BEGIN Provided data
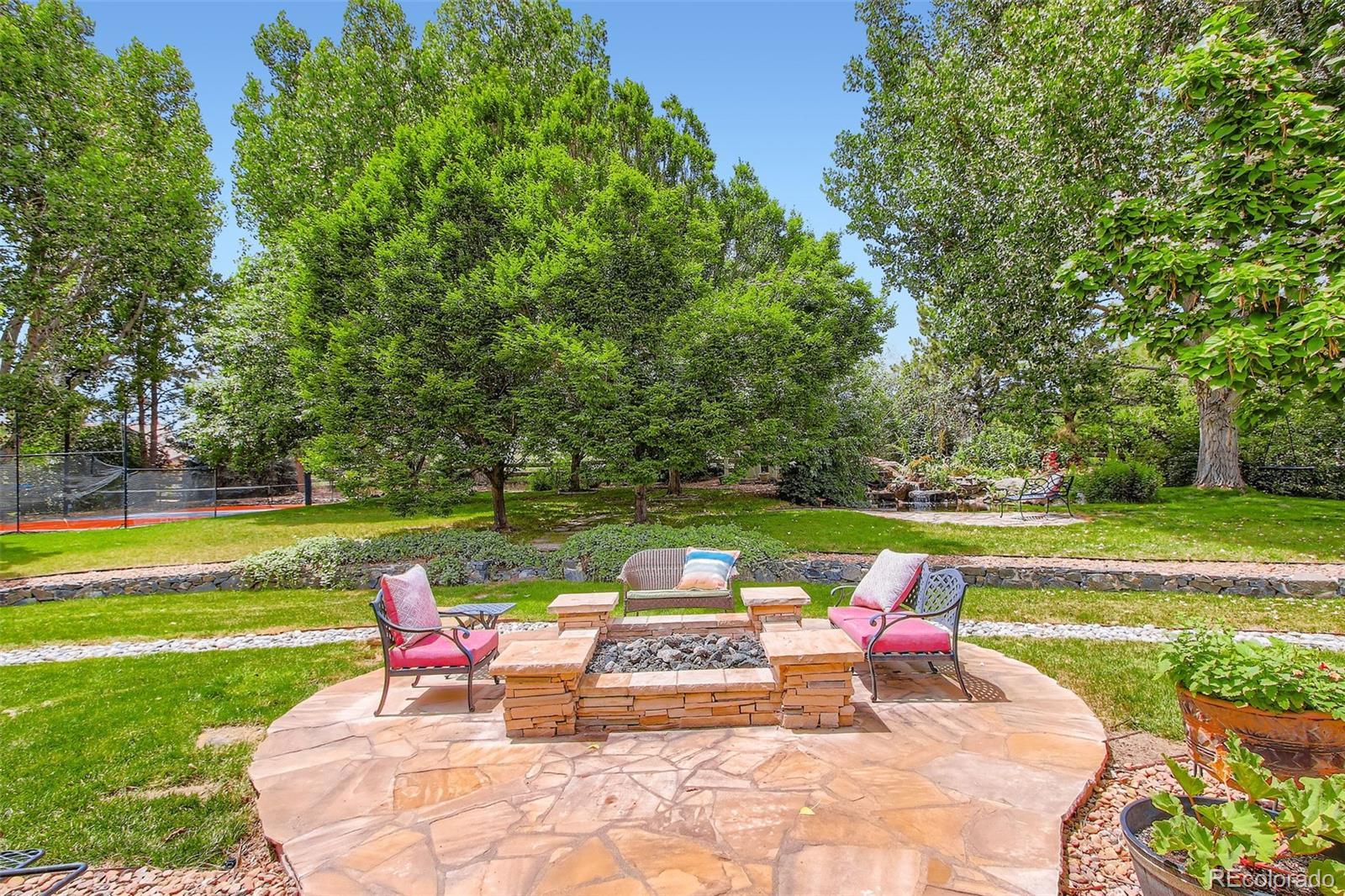Fire Pit, Gas Valve, Lighting, Private Yard, Rain Gutters, Tennis Court(s), Water Feature
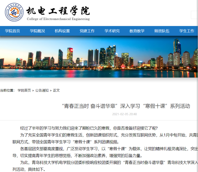 按照学校团委统一部署,3003新葡官方网站团委积极落实,借助3003新葡官方网站“百团工程”在全院139个团支部内积极开展“青春正当时 奋斗谱华章”“寒假十课”系列活动,在广大青年团员中受到热烈反响。
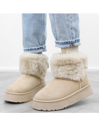 Brązowe khaki botki śniegowce damskie ocieplane niskie mukluki futerko zamsz
END Provided data
- _About this task_: If a picture falls within the span, leave it out, and reproduce exactly the lines from the one containing "按照学校团委统一部署,300" through the end of the material, and no others.

- _Output below_:
 按照学校团委统一部署,3003新葡官方网站团委积极落实,借助3003新葡官方网站“百团工程”在全院139个团支部内积极开展“青春正当时 奋斗谱华章”“寒假十课”系列活动,在广大青年团员中受到热烈反响。
 Brązowe khaki botki śniegowce damskie ocieplane niskie mukluki futerko zamsz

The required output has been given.